What individual factors influence olanzapine plasma concentrations during olanzapine long-acting injection treatment?
Smoking is known to increase the clearance of olanzapine, resulting in lower average steady-state plasma concentrations (Fulton and Goa, 1997; Carrillo et al., 2003; Gex-Fabry et al., 2003; de Leon, 2004; Skogh et al., 2011). Figure 8 shows the distribution of olanzapine plasma concentrations in smokers versus nonsmokers in the 24-week OLAI study for patients randomized to different doses of OLAI (Fig. 8b) or oral olanzapine (Fig. 8a). Olanzapine concentrations were higher in nonsmokers than in smokers, irrespective of the mode of administration of olanzapine, although the effects of smoking were somewhat less pronounced in the OLAI patients than in the oral patients. However, notably, there is a very large interindividual variability in steady-state olanzapine plasma concentrations, and this variability reflects a variety of factors. Therefore, solely the impact of smoking is not predictive of the absolute magnitude of plasma concentrations for an individual patient. Similarly, small differences in the distribution of concentrations were observed between female and male patients (data not shown) and consistent with previous findings of women typically showing a shift toward a higher distribution of steady-state olanzapine concentrations (Callaghan et al., 1999). These results suggest that the typical steady-state plasma concentration of olanzapine resulting from doses of either oral olanzapine or OLAI may be higher for women or nonsmokers than the typical olanzapine plasma concentration for men or smokers. Additional subanalyses comparing the olanzapine plasma concentrations in obese and nonobese patients, White and non-White patients, and patients less than or equal to 40 years versus patients more than 40 years did not show a clinically meaningful difference in the distribution of olanzapine concentrations between these subgroups.
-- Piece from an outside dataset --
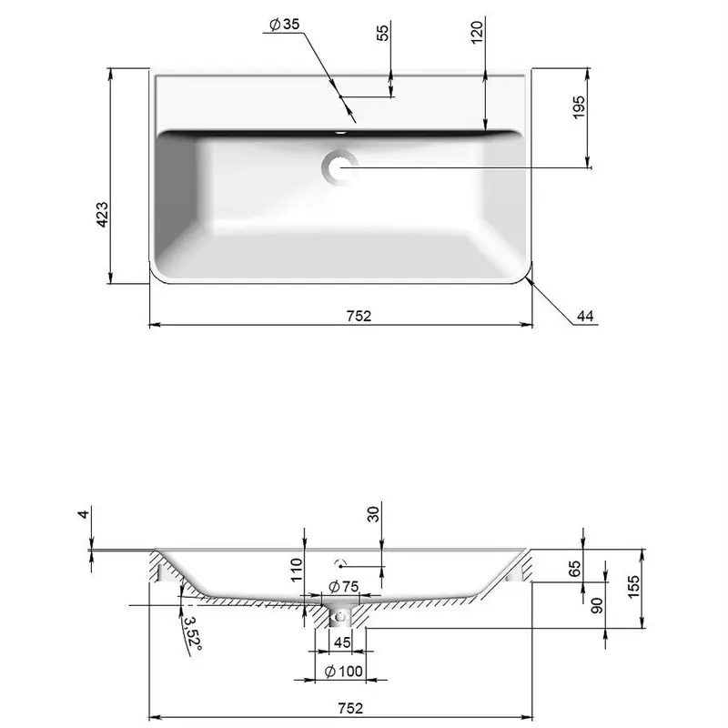 Умывальник AquaRodos Deep 75 см, прямоугольный, белый, искусственный камень

Does accumulation occur with long-term use after achieving a steady state and how long is olanzapine measurable in the systemic circulation after the last olanzapine long-acting injection?
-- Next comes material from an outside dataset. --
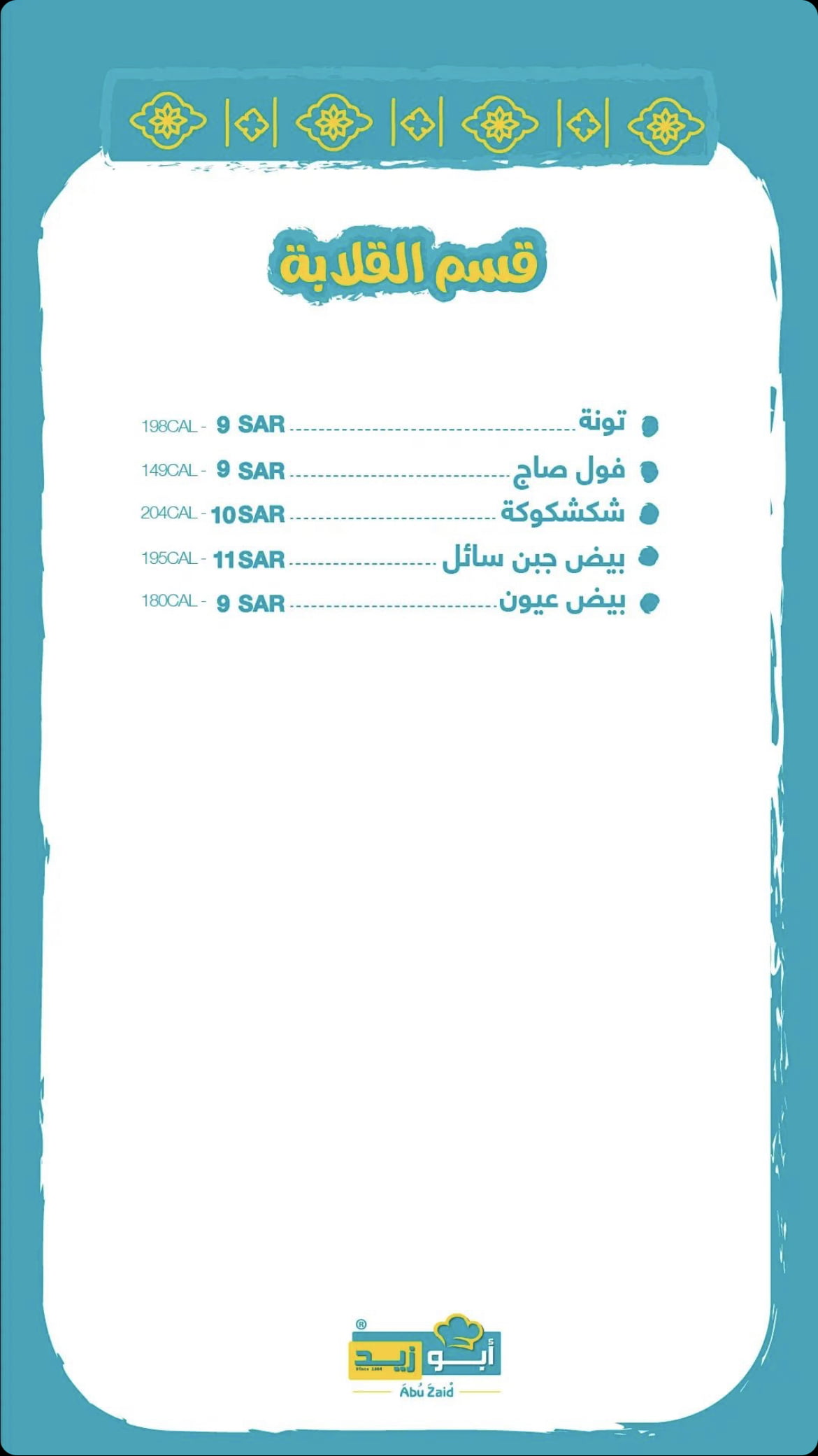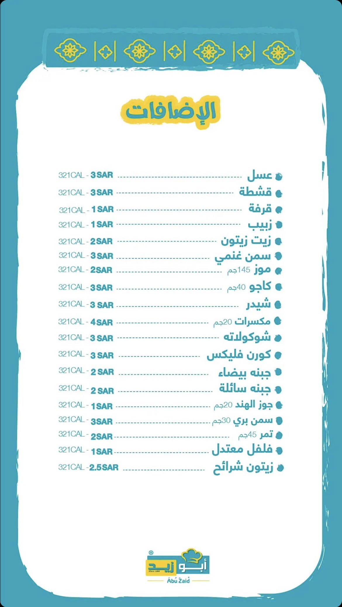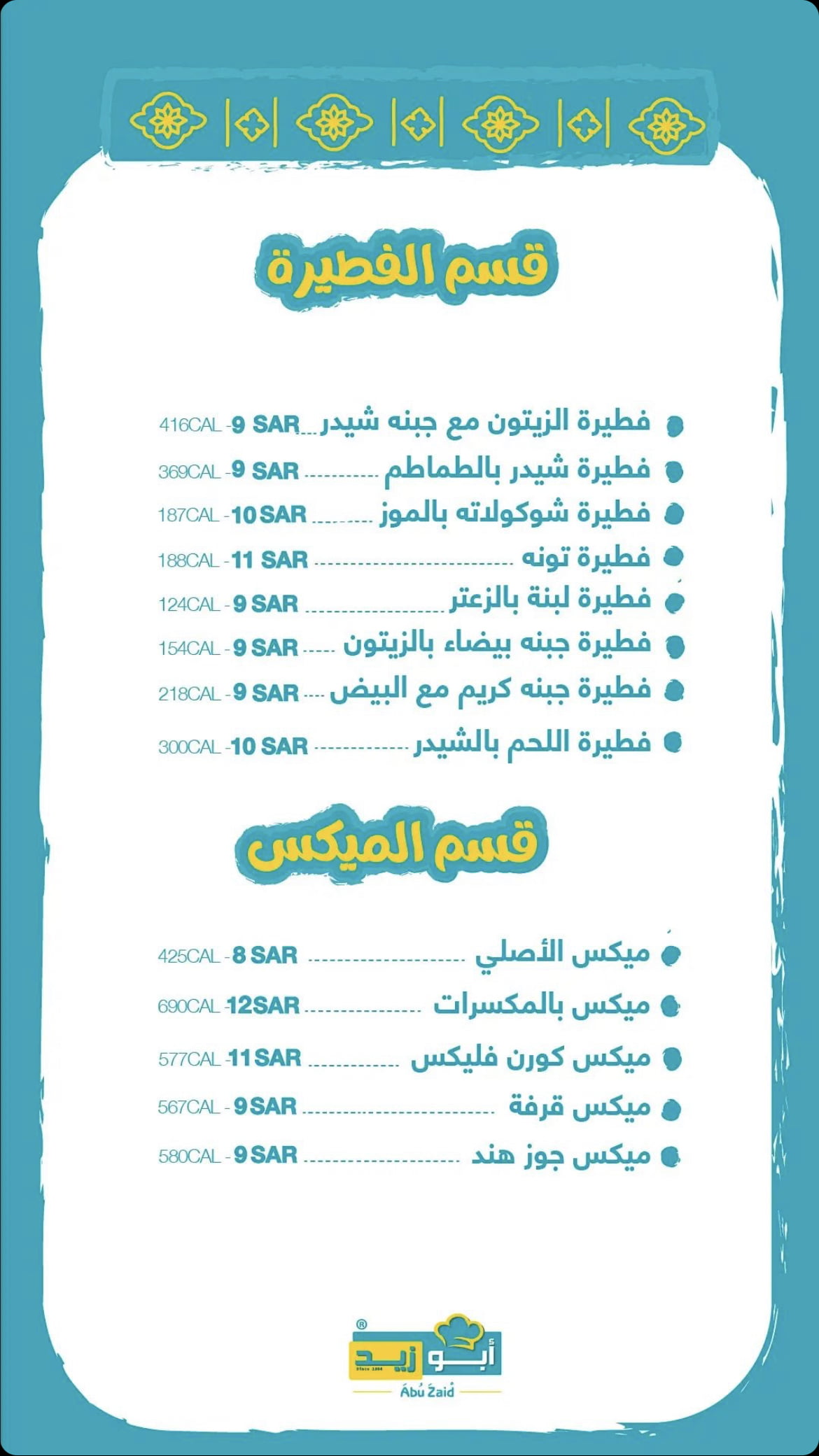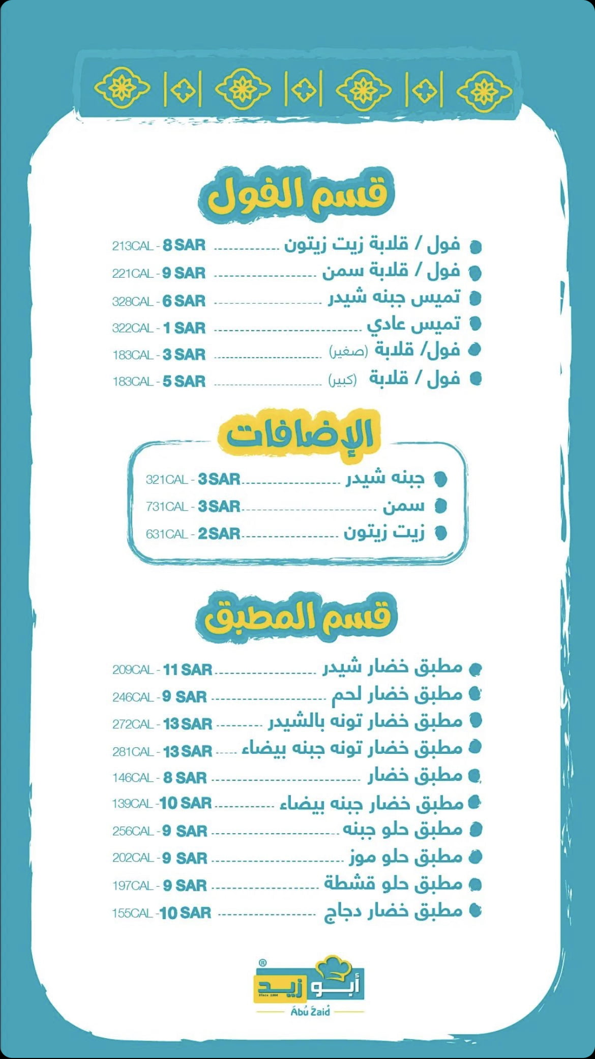 منيو مطعم ابو زيد الباحة

Steady-state olanzapine plasma concentrations remained consistent over time, with no evidence of continuing accumulation over the course of 6 years of treatment in an open-label extension study (McDonnell et al., 2011) (data not shown). Because this was a flexibly dosed study and doses could be increased or decreased at any time, the analysis of consistency of plasma concentrations over time required the use of dose normalization to control for changes in dose. Steady-state olanzapine concentrations were normalized by dividing an individual’s measured olanzapine concentration by their dose (mg/day) of olanzapine. Results showed that the median dose-normalized olanzapine plasma concentrations did not change markedly (no trend of an increase or decrease) over the period of 6 years with a measurement of olanzapine concentration made every 3 months. The median dose-normalized olanzapine concentration was 2.25 (ng/ml)/(mg/day), ranging from 1.01 (ng/ml)/(mg/day) (10th percentile) to 4.26 (ng/ml)/(mg/day) (90th percentile). This median and range of dose-normalized concentrations may be useful to clinicians as a ‘reference range’. Clinicians can multiply these values by any specific mg/day dosage for OLAI to provide a reasonable approximation of the anticipated steady-state olanzapine plasma concentration range that is associated with prolonged OLAI treatment.
Neither clinical nor pharmacokinetic data after the discontinuation of OLAI are available from trials. Because the absorption half-life of OLAI is ∼30 days, the amount of olanzapine to be absorbed from intramuscular tissues is predicted to decrease by ∼50% every 30 days (Fig. 4). Thus, after the last injection, systemic olanzapine plasma concentrations decrease slowly over a period of months. The concentration may be measureable or detectable, especially by a sensitive assay, for a long period (6–8 months) after discontinuation (Eli Lilly and Company Limited, 2013).
How does olanzapine long-acting injection compare with rapid-acting intramuscular olanzapine?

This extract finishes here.